Turquia ordena detenção de 35 jornalistas

Daniel Kopatsch / EPA

Presidente turco, Recep Tayyip Erdogan

A polícia de Istambul lançou, esta quinta-feira, uma operação para deter 35 jornalistas que o Ministério Público turco acusa de terem ligações a Fethullah Gülen, clérigo acusado de instigar o golpe de Estado falhado de julho de 2016.

“Têm-me sob custódia”, escreveu quinta-feira Burak Ekici, editor do diário da oposição BirGün, na sua conta do Twitter.

A acusação da procuradoria turca assenta no facto de os jornalistas terem usado a aplicação de mensagens encriptadas ByLock – que tem 215 mil utilizadores em todo o país -, uma ferramenta que, de acordo com as autoridades turcas, foi desenvolvida para permitir a comunicação encriptada entre os “golpistas”.

Segundo a Plataforma para o Jornalismo Independente, com sede em Istambul, 164 jornalistas continuam na prisão na Turquia.

No final de julho realizou-se a primeira audiência do julgamento contra 19 jornalistas e funcionários do Cumhuriyet, jornal da oposição turca, por alegado apoio a organizações terroristas, num caso que fez aumentar as preocupações com os direitos e liberdades no país.

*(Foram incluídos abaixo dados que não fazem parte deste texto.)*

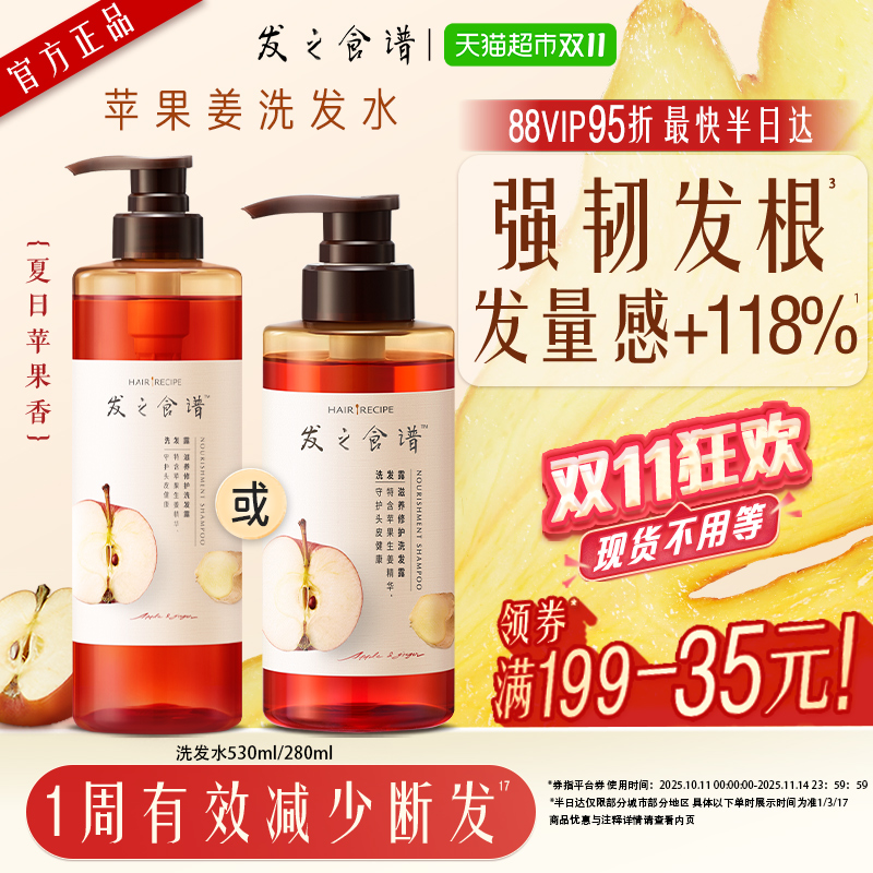 美发护发/假发 【下拉享淘金币优惠】发之食谱洗发水露无花果苹果姜控油蓬松去屑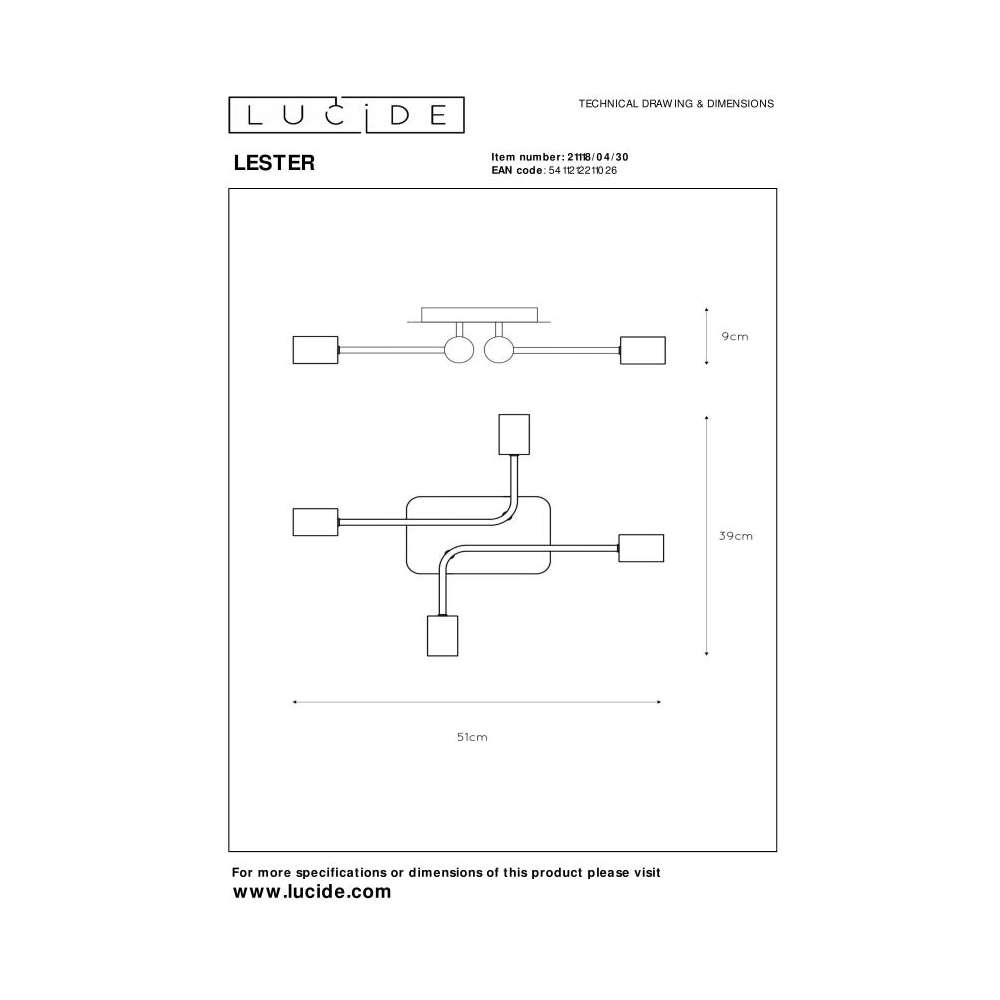 Lampa sufitowa Lucide Lester 21118/04/30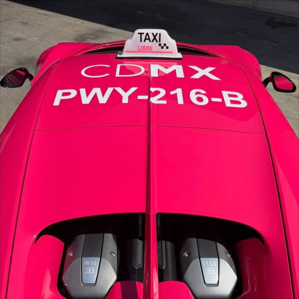 El hiperdeportivo, valorado en millones de dólares, fue visto circulando por las principales avenidas de la capital con la icónica cromática de los taxis locales, fusionando la máxima sofisticación francesa con el folclore urbano mexicano. Esta iniciativa, que rápidamente se volvió tendencia en redes sociales, muestra al vehículo de 1.500 caballos de fuêrza con los distintivos rótulos y colores que caracterizan al transporte público capitalino.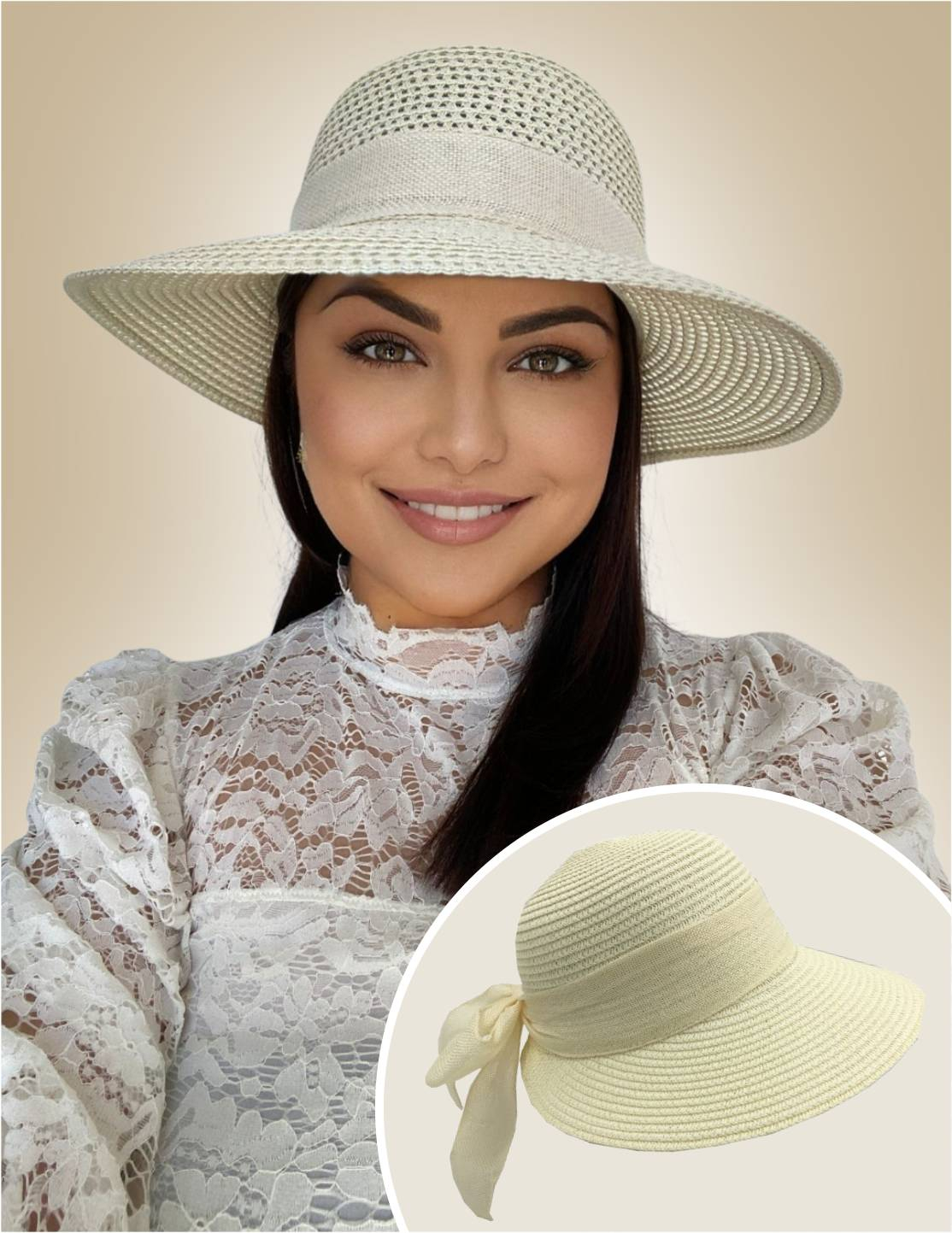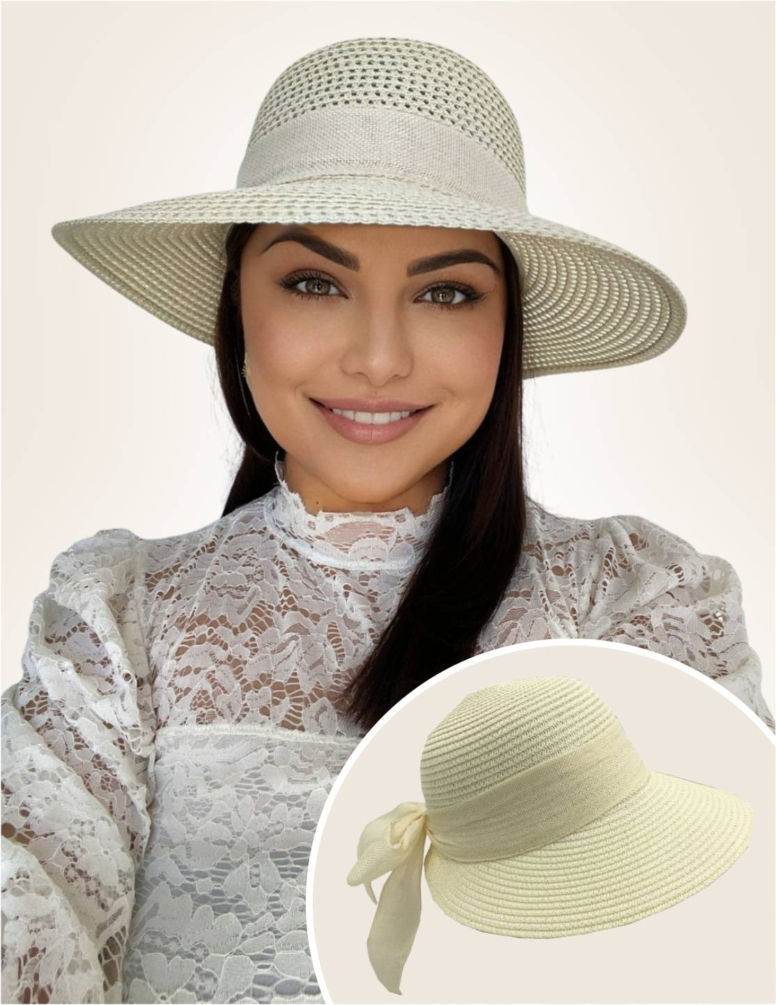 Si tu te poti bucura de o palarie de dama deosebit de rafinata alegand noul model de palarie cu boruri asimetrice tip sepcuta Lorelai Lux, o palarie de vara cu panglica delicata si funda asortata in culoarea palariei, un accesoriu ce va da o nota aparte de stil si eleganta tinutelor tale estivalesau tinutelor chic de zi cu zi -marime unica, reglabila

Os 19 acusados incluem o editor chefe do diário “Cumhuriyet”, Murat Sabuncu, o jornalista de investigação Ahmet Sik, o comentador Kadri Gursel e o cartoonista Musa Kart, que são acusados de patrocinar várias organizações ilegais, entre as quais militantes curdos e o movimento do clérigo Fethullah Gülen.

Se condenados arriscam penas de prisão de entre oito e 43 anos. Dos 19 acusados apenas cinco aguardam em liberdade o resultado do julgamento.

Dois dos suspeitos, incluindo o antigo chefe da redação do “Cumhuriyet Can Dündar”, que está exilado na Alemanha, são julgados à revelia.

O encarceramento dos jornalistas, dirigentes e outros colaboradores da publicação insere-se no quadro de uma repressão generalizada do Governo do país, na sequência do golpe militar fracassado que levou à detenção de mais de 50 mil pessoas, incluindo jornalistas, deputados da oposição e ativistas.

Inicialmente, esta campanha visava apenas as pessoas suspeitas de golpismo, mas expandiram-se a todos os opositores do Presidente turco, Tayyip Recep Erdogan.

Fethullah Gülen, tido como inimigo número um de Erdogan, é acusado por Ancara de ter “orquestrado” a tentativa de golpe de Estado. O predicador, que se encontra exilado nos EUA desde 1999, nega firmemente as acusações contra si.